Info about the course
Labs: Wednesdays, 14:15-15:45, J. Liivi 2 - 003
Lecturer: Raul Kangro (Institute of Mathematics and Statistics), firstname.lastname@example.org
Course Home Page in Moodle: https://moodle.ut.ee/course/view.php?id=1435
Amount of credits: 3 EAP
Goals: After successful completion of the course the student
- Knows the principles and practical error estimates of the Monte-Carlo method; is able to generate the trajectories of the solutions of stochastic differential equations (especially stock price trajectories) and knows how to use the skill in constructing simulation methods for pricing financial options
- Knows several variance reductions methods for speeding up the Monte-Carlo simulation (antithetic variates, control variables, importance sampling, stratified sampling) and is able to use them in option pricing
- Knows the concept of the quasi-random variables and is able to use them in option pricing.

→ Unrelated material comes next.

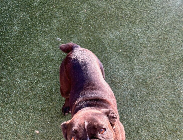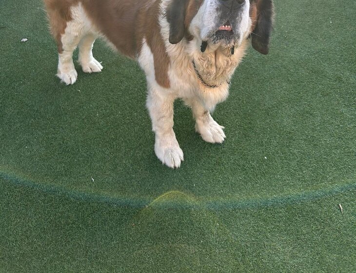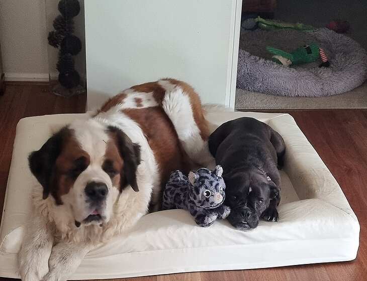 1 x bulldog x and 1 saint bernard. Both very friendly. No other pets

Topics of the course: Introduction to the R package. Generating random numbers. MC method for numerical computation of expected values of random variables. Numerical evaluation of integrals using MC method. Implementing Black-Scholes formulas in R. Simulating the trajectories of stock prices. Implementing Euler's method. The analysis of the convergence rate of the method. Euler's method in the case of a general market model. Milstein's method and a weakly second order method for generating stock prices. Variance reduction methods: antithetic variates and control variates, importance sampling and stratified sampling. Additional points about stratified sampling, using stratified sampling for generating the trajectories of the stock price. Pricing Asian options by MC. Using stratified sampling for pricing Asian options. Quasi-Monte-Carlo methods, Halton points, Sobol points. Computing the option price sensitivities with MC. Using MC for pricing American options.

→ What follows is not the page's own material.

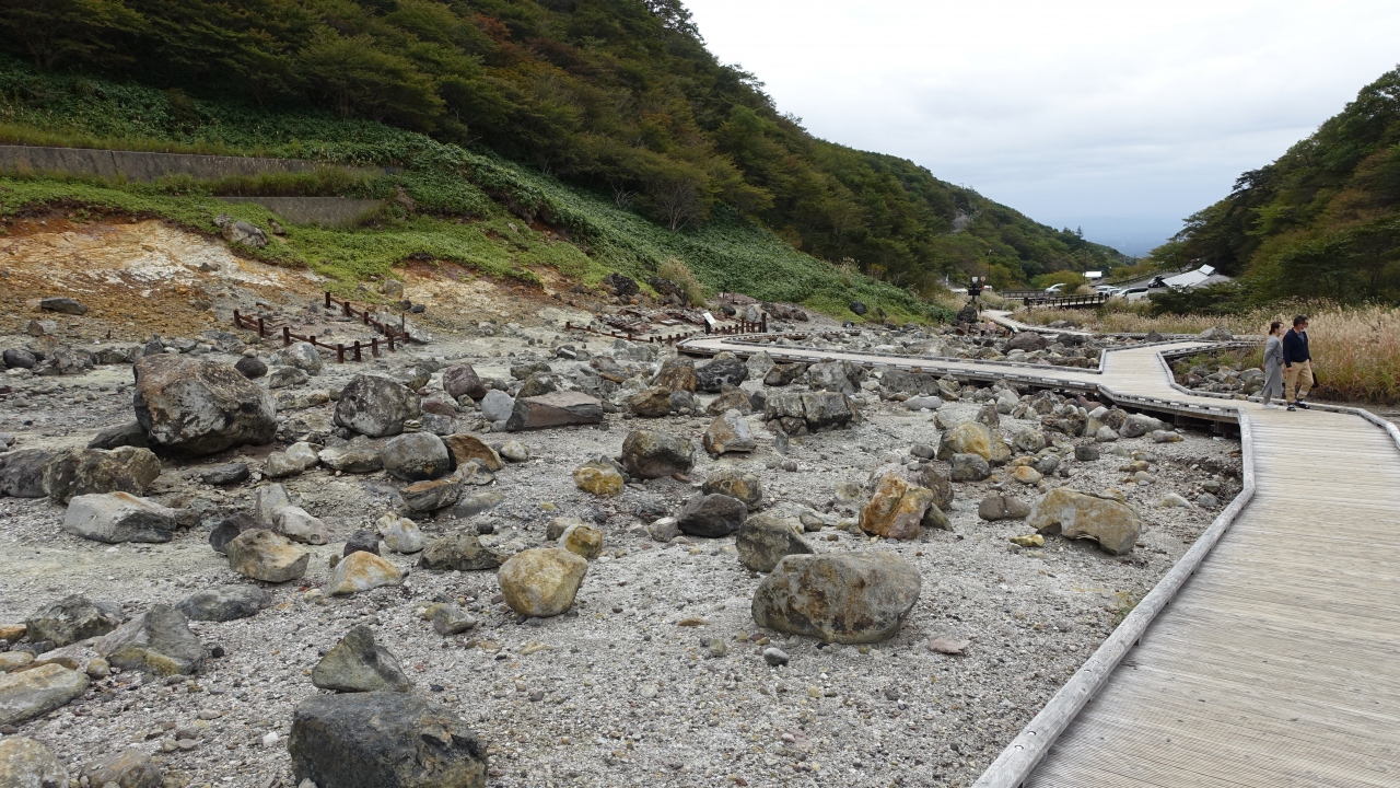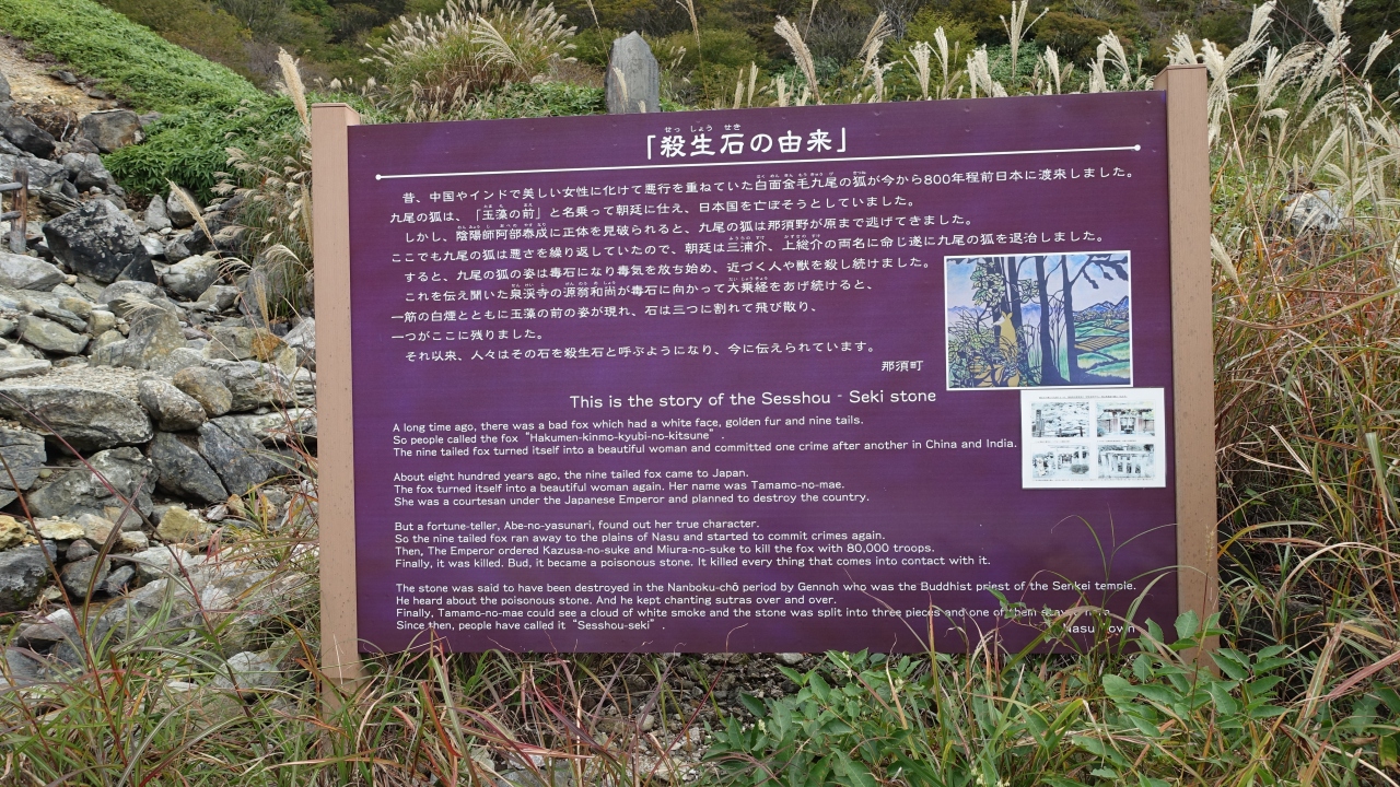 那須湯本温泉街の北外れに岩だらけの荒涼とした場所がある。辺りには硫黄の臭いが漂い、ここから流れ出す湯川の川底は硫黄成分で真っ白。ここには散策用の木道があり、奥の突き当りにあるのが「殺生石」と呼ばれる山肌が露出した場所にある大岩。大昔中国やインドで悪行をつくした「九尾の狐」が化身したともので、岩になっても毒気を放ち人や獣を殺し続けたため,高僧が法力で鎮めたという伝説が残る。

Independent works: There are 8 practical homework assignments (one in every second week starting from the first one). The homework solutions are due one week after they were handed out. The late submissions are allowed but the score for such submissions is reduced by 50%. The solutions to the practical homework assignments have to be submitted through the Moodle web page of the course as R scripts (.R files) or R notebook files (.Rmd files). Maximal score for each homework assignment is 5 points. The maximal total score for homework assignments is 40 points.
Requirement to be met for final assessment: At least 20 points (50%) for homework assignments is required for qualifying for the final examination.
Composition of the final grade: 60% of the total score is given by the final exam, 40% comes from the homework assignments. The final exam takes place in a computer lab and consists of 4 computational problems related to option pricing. The final grade is determined by the total score as follows: the score less than 50 gives F, from 50 to 59.9 gives E, from 60 to 69.9 gives D, from 70 to 79.9 gives C, from 80 to 89.9 gives B and a score of 90 or more gives A
E-learning activities: The course materials are divided between 16 study weeks and can be used for independent study or as supporting materials for the lectures and the computer labs. The lecture notes and lab handouts contain all of the theoretical materials that is required for this course. The solutions of the 8 practical homework assignments have to be submitted through Moodle. The final examination has to be taken in person.